Regarding venture capital firms, Polychain Capital has the highest investment failure rate, with 44% of participated projects terminated and 76% of projects generating no effective revenue; Yzi Labs (formerly Binance Labs) has a supported project failure rate of 72%; top VC firms like Circle, Delphi Ventures, Consensys, and Andreessen Horowitz also have a large number of supported projects that have ceased operations, with many seeing over two-thirds of projects fail.
Among angel investors, former Coinbase CTO Balaji Srinivasan has the highest proportion of "zombie projects" at 57%; Arthur Hayes at 34%, Santiago Santos at 15%, while projects supported by Sandeep Nailwal and Stani Kulechov each have 10% that have ceased operations.
Data shows a significant correlation between fundraising scale and success rate. Projects raising over $50 million have a significantly lower failure rate, while among projects raising less than $5 million, 33% have failed and 20% have ceased operations.
II. The "More Rational VC" Argument
Jademont, Founding Partner and CEO of Waterdrip Capital, pointed out: "Why are VCs almost gone? Everyone can look at the listing announcements from top CEXs over the past two years. They only tell you that 'XXX' (a few letters) is going to be listed, urging everyone to go gamble, without wasting a single extra word to introduce why this project is being listed or what it does. Many retail investors have been博弈ing with manipulators for months without knowing what the asset they are trading actually does, let alone using the product. CEXs have become severely casino-fied, and even casinos occasionally cheat.

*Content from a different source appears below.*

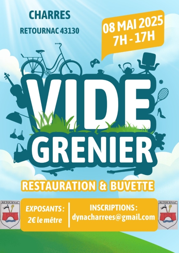 Vide grenier au village de Charrées, avec restauration et buvette sur place. Inscriptions par email.
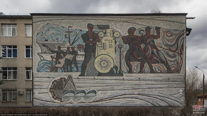 Оформление проспекта Кораблестроителей оказалось, создавали на судостроительном заводе Красное Сормово. Удивительная история, на территории предприятия-гиганта был собственный панельный цех где мозаичные панно изготавливали в заводских условиях по эскизам художника Юрия Приданова. Сюжеты панно утверждались на самом высоком уровне в столице, лично министром речного флота.

It is said that the current top criteria for CEXs evaluating listings are community heat, whether market-making funds are sufficient, and whether they are willing to contribute enough free tokens. If the listing conditions are like this, then the existence of VCs indeed becomes less meaningful. Because most VCs don't have the ability to help projects build communities, nor are they willing to help projects manipulate the market and gamble against retail investors.
So, rather than saying VCs are almost gone, it's better to say VCs have made different choices. First, they are unwilling to promote anymore. Because promotion has little practical meaning beyond PR. Moreover, if the project messes up, they get骂ed along with the project team by the community. Remember, even with responsible teams, early-stage projects have a high probability of failing. It's better to wait until the project grows before telling the market, 'I invested in this project.' Second, many projects simply have no plan to issue tokens, or don't target retail business, so promotion isn't necessary. Just celebrate when they ring the bell at their IPO. Looking at the schedule, at least 3-5 early-stage invested projects will list on Nasdaq next year. Starting a business now doesn't only have token issuance as an exit path."
Sylvia To, Director of Bullish Capital Management, stated: Cryptocurrency venture capitalists are reducing risk appetite, avoiding the hot topics of the month, and taking a more critical look at investments. "You really have to start thinking, this industry is building this infrastructure, but who is using it? Is there enough transaction volume? Is the volume generated through these blockchains enough to justify all the raised capital?"
In 2025, many projects are raising funds at excessively high and often unreasonable valuations, heavily relying on future cash flow predictions.
III. The "Shift in Capital Flow" Argument
The long-term correlation between Bitcoin price and VC has disappeared and is "difficult to restore." This disconnect stems from waning interest from venture capitalists and the market's increasing focus on Bitcoin accumulation over other investments.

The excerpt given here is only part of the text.